Slate's "Has-Been";

I've often found the arguments in Slate's new "Has-Been" column/blog (written by Bruce Reed, "who was President Clinton's domestic policy adviser, [and] is president of the Democratic Leadership Council and editor-in-chief of Blueprint magazine") to be rather puzzling. Here's the most recent example:

. . . The Post reports that in 1981, John Roberts sent a memo to Sandra Day O'Connor advising her to plead the 5th if asked about her views on legal questions. Roberts warned that answering questions would raise the "appearance of impropriety" and prejudice her views in future cases before the Court. . . .

[I]f it's improper for future Court justices to discuss specific legal questions and precedents, why do we need law schools?

In a few weeks, thousands of first-years will raise their hands for the first time in Civil Procedure class and begin compromising their futures as blank-slate Supreme Court justices. Pity the 1-L who shows up unprepared for class and tries to convince the professor that answering any questions would raise an "appearance of impropriety." . . .

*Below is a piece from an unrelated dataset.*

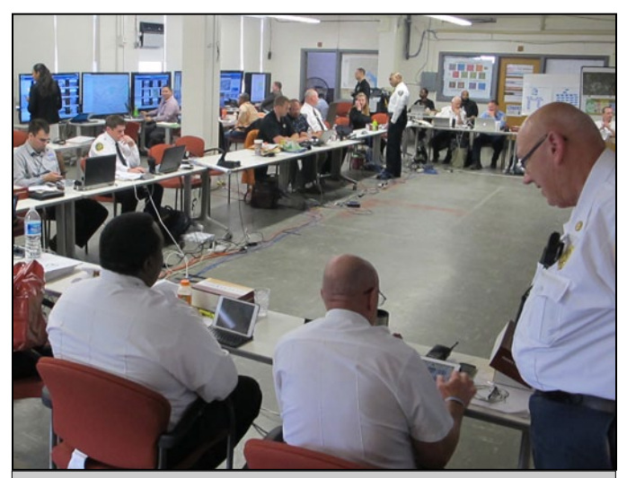
Unified command center during Preakness 2014.

UMMC is part of several different working groups, including: the Region III Consortium Workgroup, which deals with the Medical Task Force; as well as a hospital consortium, which includes participation from

What an odd and, in my view, inapt comparison. (Yes, I realize that it's supposed to be funny or witty, but I take it that it's also intended to make a serious point.)

1. To begin with, if you really want to play out the analogy, it seems to me that any law students would be entirely within his rights not to express his views about certain subjects. The student must be able to make arguments about those subjects, and understand others' arguments. But if I ask a student what he thinks about Roe v. Wade, a student tells me "I'd rather not express my views about abortion, but here are the arguments for the decision and here are the arguments against it," I would gladly accept such an answer. In fact, I think it would be unethical for me to insist that a student reveal his own views in such a context, since such a revelation would be quite burdensome on his privacy, and would give very little pedagogical benefit. (It's sometimes useful to know a student's views, for instance when I deliberately try to get students to argue against their own views, but this utility is in my view outweighed by the student's privacy.)

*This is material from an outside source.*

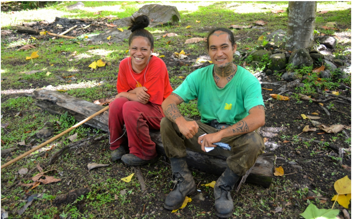
Marquesan youths at Tohua Koueva, Taiohae, Nuku Hiva

Of all the diseases that arrived to the Marquesas, the most deadly was smallpox, which arrived in 1864, when Peruvian blackbirders knowingly repatriated three Marquesan men who had previously been kidnapped and infected in the port of Callao before being returned home. The epidemic spread quickly with dear consequences for the local populations. According to missionaries settled in the Northern Marquesas, this disease killed 60-70% of the local population, while some settlements, such as Hatu Atua and Anaho in Nuku Hiva, were completely depopulated. In addition, cannibalism and inter-tribal warfare continued until nearly the 1870's in some remote valleys leading to a rapid decrease in population. Furthermore, Chinese workers who were brought to work in European vanilla and copra plantations introduced opium to the islands, and many Marquesas became addicted to its use. By the 1900s Marquesans seemed to be in danger of extinction. Fortunately, this did not happen. Present-day Marquesans feel very proud of their heritage, history, and traditions and have formed several cultural organizations dedicated to the preservation, enrichment, and diffusion of Marquesan culture, which is very much alive in all of the Marquesas today.

2. Of course, Senators understandably care about nominees' personal views on legal questions, though professors generally don't and shouldn't care about their students' views on legal questions. But that just highlights the inaptness of the analogy between questions asked of nominees and questions asked of students. Students are asked questions to gauge their knowledge; nominees are asked questions to predict how they will vote.

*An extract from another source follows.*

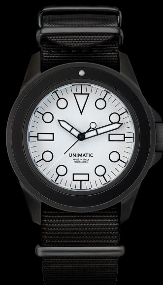
U1-DWN, 2017 Edition of 150 pieces
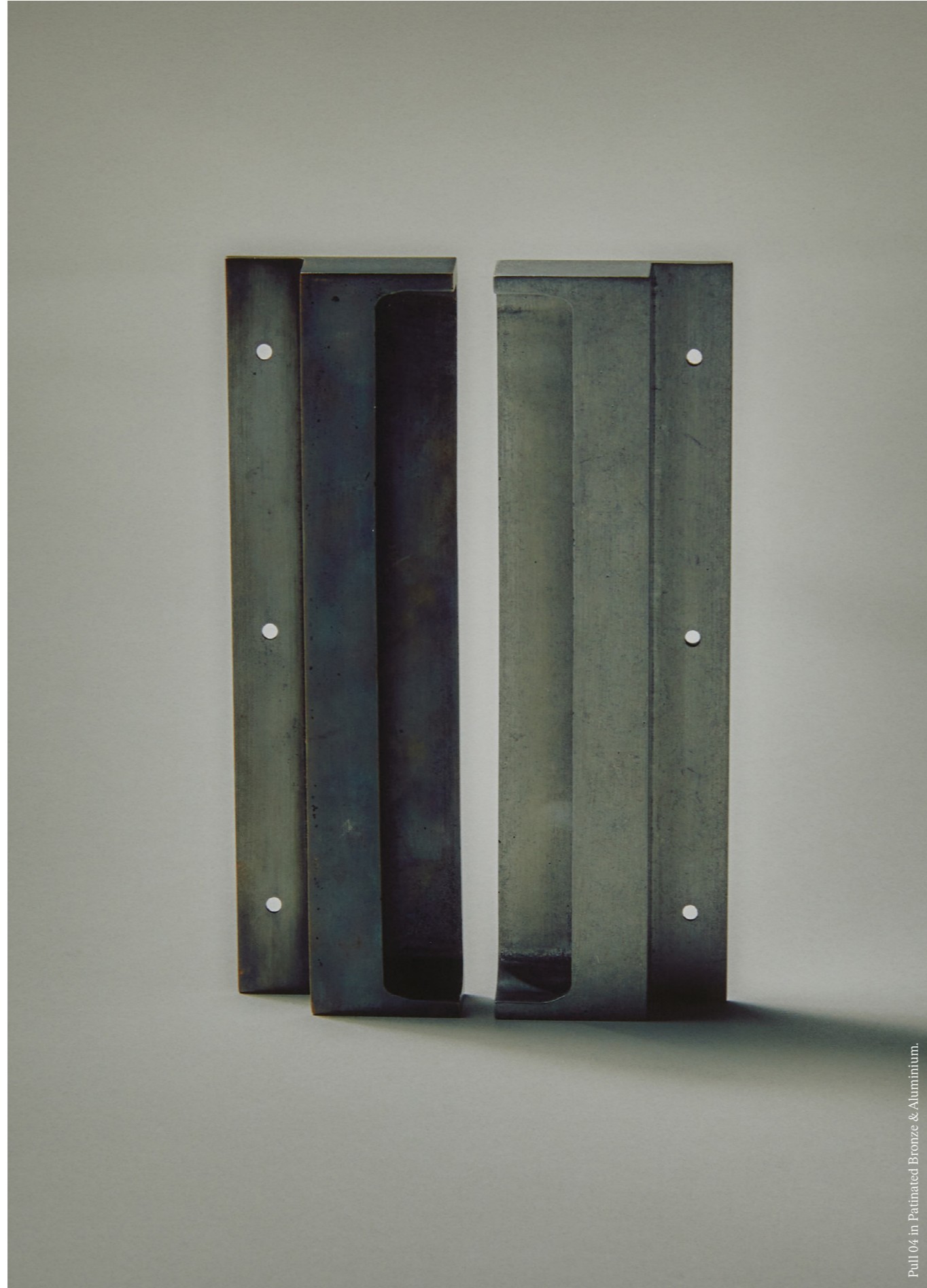
Pull 04 in Patinated Bronze &amp; Aluminium.

3. And of course an "appearance of impropriety" response from a student is silly for the simple reason that the student's answer won't create an appearance of impropriety. Probably 99% of students won't become judges, and we generally make rules with an eye towards the 99% rather than the 1%. Even as to the remaining 1%, few people will think that an answer given in law school will lead the judge to feel bound by the answer — and thus unable to reconsider the issue based on the parties' arguments — thirty years later.

On the other hand, as I argued in more detail here — and as lots of people have said, and Mr. Reed must surely have heard — there is at least a plausible argument that a nominee's expressions of his views at confirmation hearings may indeed improperly constrain him in the future:

[I]magine a justice testifies under oath before the Senate about his views on (say) abortion, and later reaches a contrary decision. "Perjury!" partisans on the relevant side will likely cry: They'll assume the statement made with an eye towards confirmation was a lie, rather than that the justice has genuinely changed his mind. Even if no calls for impeachment follow, the rancor and contempt towards the justice would be much greater than if he had simply disappointed his backers' expectations.

Faced with that danger, a justice may well feel pressured into deciding the way that he testified, and rejecting attempts at persuasion. Yet that would be a violation of the judge's duty to sincerely consider the parties' arguments.

Now one can surely argue that, despite this risk, the nominee should be required to express his views, because the representatives of the people are entitled to consider those views when deciding whether to give him a position of great power. But Mr. Reed's misplaced law school analogy, it seems to me, does nothing to advance this argument.